Ono Academic College, Department of Business Administration, Israel
Received date: September 05, 2017; Accepted date: September 06, 2017; Published date: September 13, 2017
Citation: Yaakobi E (2017) Ostracism: Recent Neurological, Cognitive and Personality Research. J Cogn Neuropsychol. Vol. 1 No. 1:1
Ostracism - being ignored, excluded and rejected by others - can occur in the family, workplace, school, religious groups, organizations and elsewhere [1-6]. Although it is commonplace to acknowledge that experiences of social rejection are painful, recent neurological studies suggest that the detection of ostracism activates the same region as physical pain [7-9]. In one neuroimaging study, scans were obtained of participants while being excluded in a virtual ball-tossing game. The scans showed that the anterior cingulate cortex (ACC), a region also responsive during physical pain, was more active during exclusion than during inclusion and was found to be directly associated with the level of self-reported distress [7].
Reports of shared circuitry underlying physical and social pain do not mean to suggest that these experiences are interchangeable. We know this from experience, since we can clearly differentiate between the pain of a stubbed toe and that of a social snub [8]. For example, while individuals can relive the pain of social rejection or betrayal, they are less capable of reliving the pain of physical assault or injury [10]. However, the similarities between felt and experienced pain deserve further attention to better understand the ways in which their neurological and neural substrates intersect [8].
Work on the neurobiology of rejection has hinted that those regions of the brain that govern the affective component of physical pain may underlie both experiences.
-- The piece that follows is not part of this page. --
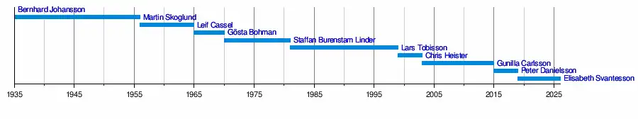 The current chairman of the party, Ulf Kristersson, was elected at a special party congress on 1 October 2017, following Anna Kinberg Batra's sudden resignation. Kinberg Batra had replaced Reinfeldt, Prime Minister from 2006 to 2014. Under Reinfeldt's leadership, the party moved more towards the centre.[11] Under Kristersson's leadership, the party moved back to the right and opened up to the Sweden Democrats (SD) following the 2018 Swedish general election.[12] Having formed in late 2021 an informal right-wing alliance with SD and former Alliance members, KD and L, with Kristersson as the prime ministerial candidate, the right-wing bloc obtained a narrow win in the 2022 Swedish general election.[13][14]

It was found that strong negative emotional events that elicit feelings of rejection such as breakups tap brain areas that are related to physical pain, for instance when people are shown pictures of their ex-partners [9]. In an analysis of 500 MRI studies these same authors found that the secondary somatosensory cortex and dorsal posterior insula were responsive to both physical pain and rejection [9].
The immediate reactions to experimentally-induced manipulations of ostracism routinely show that people feel threats to four fundamental psychological needs: belonging, self-esteem, control, and meaningful existence [11,12]. Ostracism studies using the Cyberball computer manipulation have been tested in many countries, and suggest that these effects are generalizable across cultures [13]. Research has also shown that ostracism can lead to provocation and aggression [14-16], decreased prosocial behavior [17] obedience [18] and the feeling that life is meaningless [19]. In addition to these immediate effects on threatened needs, downstream behaviors also change. Nevertheless, it remains unclear why ostracism evokes such responses.
One possible explanation was formulated by Bauman [20] who argued that ostracism is "social death" [21-23]. In other words, the experience of ostracism evokes thoughts of death and these thoughts may lay the groundwork for ostracism effects. Support for this putative relationship between feelings of social death and reactions to ostracism come from findings reporting associations between death anxiety and troubling experiences in close relationships. Specifically, when participants were asked to think of problems in their romantic relationship, death thoughts were more readily accessible [24]. These authors also found that making mortality salient led to higher reports of romantic commitment and that the contextual salience of thoughts about romantic commitment reduced the effects of mortality salience. In another article these same authors found that death reminders heightened the motivation to form and maintain close relationships [25]. The maintenance of close relationships was suggested to provide a symbolic shield against the terror of death, whereas the breakup of close relationships resulted in an upsurge of death awareness.
Although studies have suggested that individual personality differences such as self-esteem and level of extraversion do not moderate the immediate effects of ostracism [5,23,24] this is not the case for attachment orientation [26,27]. This could be because attachment is thought to be a socially oriented survival-based system. It is claimed that humans have coped with survival-based problems by seeking the help of others [28]. Thus, ostracism may constitute a threat because it acts as an exclusion mechanism and is related to social separation anxiety. Attachment orientations may be linked to reactions to ostracism because the social connections formed in early childhood with the attachment figure affect later sensitivity to attention and inclusion by others. Yaakobi and Williams [26,27] for instance found that attachment anxiety and avoidance moderate the negative effects of ostracism and that recalling an attachment event that is consistent with one’s attachment internal working model moderates the negative effects of ostracism.
Because ostracism is so painful and affects so many people, clearly more studies should be conducted to achieve a greater understanding of its cognitive, behavioral and neuropsychological underpinnings, as well as to identify the coping mechanisms that can lessen its negative psychological consequences.